Below decks, the cabins were all cleared, the crew had checked them all, and the water in the ship had risen to C Deck. And as she played with her doll in the parlor of the stateroom, Alexis could still hear the band playing pretty music. And every now and then, she would hear footsteps, as crew members dashed past or someone from second class ran by, looking for the way to the first-class Boat Deck. And Alexis was beginning to wonder when they would all come back. She was tired of playing alone, and she hadn’t wanted to get in the lifeboat, but she was beginning to seriously miss her mommy and the others. But she knew that eventually, she’d be in for a scolding. They always scolded her when she ran away, especially Edwina.

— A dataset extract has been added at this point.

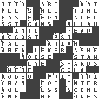 ACROSS 1. "Tell ____ the Marines!" 5. Tate display 8. Large container 11. Confronts 13. Born 14. Prong on a fork 15. Thick mixture 16. A really long time 17. Actor Baldwin 18. Fast jet (abbr.) 19. Crow sounds 21. Assad's deity 22. International (abbr.) 24. Lightbulb-shaped fruit 25. Buttonhole 27. 23rd letter of the Greek alphabet 29. Promenade 30. Believer in; advocate of (suffix) 32. Type of rug 33. Prying instrument 35. American tennis player Robert 39. Trap for birds or small mammals 41. Comedian Laurel of Laurel & Hardy 42. Sodium hydroxide 43. Pottery fragments 45. Ancient Persian 48. Root beer relative 49. Cowboy competition 50. Demure 52. Three (prefix) 55. NW Algerian seaport 56. Enemy 57. Keyboard key 59. Electrical Unit 60. Double-curved letter 61. Biscuitlike quick bread 62. Compass dir. 63. Was introduced to 64. Singles DOWN 1. Naughty children 2. Afternoon social gatherings 3. A testis 4. Baseball player Mel 5. Afresh 6. Vintage cars 7. "___ Little Indians" 8. Country estate 9. Approach 10. Georgia ____ (Atlanta school) 12. Religious groups 14. Lie 20. Keyboard modifier key 21. Capital of Western Samoa 23. Pitcher Ryan 25. Housemaid (var.) 26. Auto 27. Before (prefix) 28. Title for a knight 30. "___ Maria" 31. Rhinal 33. Myrna of the movies 34. Compass dir. 36. Ski resort town in Vermont 37. Possessed 38. Followers of ems 40. Margarine 43. _-fi 44. Residences 45. Person of subnormal intelligence 46. Peak District village in England 47. Gouge 49. Be footloose 50. Introduce or present, as a question 51. Respite 53. French philosopher Descartes 54. Angers 56. Opposite of masc. 58. Non-commissioned officer (abbr.)

She heard heavy footsteps then, and looked up, suddenly wondering if it was her father, or Charles, or even Phillip. But as she glanced up expectantly, a strange face appeared in the doorway. He looked shocked suddenly as he saw her. He was the last steward to leave the deck, and he had known long since that all of the B Deck cabins were empty. But he was checking them one last time before the water came up from C Deck and filled them. He was horrified to see the small child sitting there, playing with her dolly.

“Hey, there …” He took a rapid step toward her, as Alexis flew into the next room and started to close the door, but the heavyset steward with the full red beard was quicker than she was. “Just a minute, young lady, what are you doing here?” He wondered how she had escaped, and why no one had come looking for her. It seemed strange to him, and he wanted to get her up to the lifeboats quickly. “Come on …” She had no hat, and no coat. She had abandoned them in her cabin
when she’d come back to the stateroom to play with the doll she called “Mrs. Thomas.”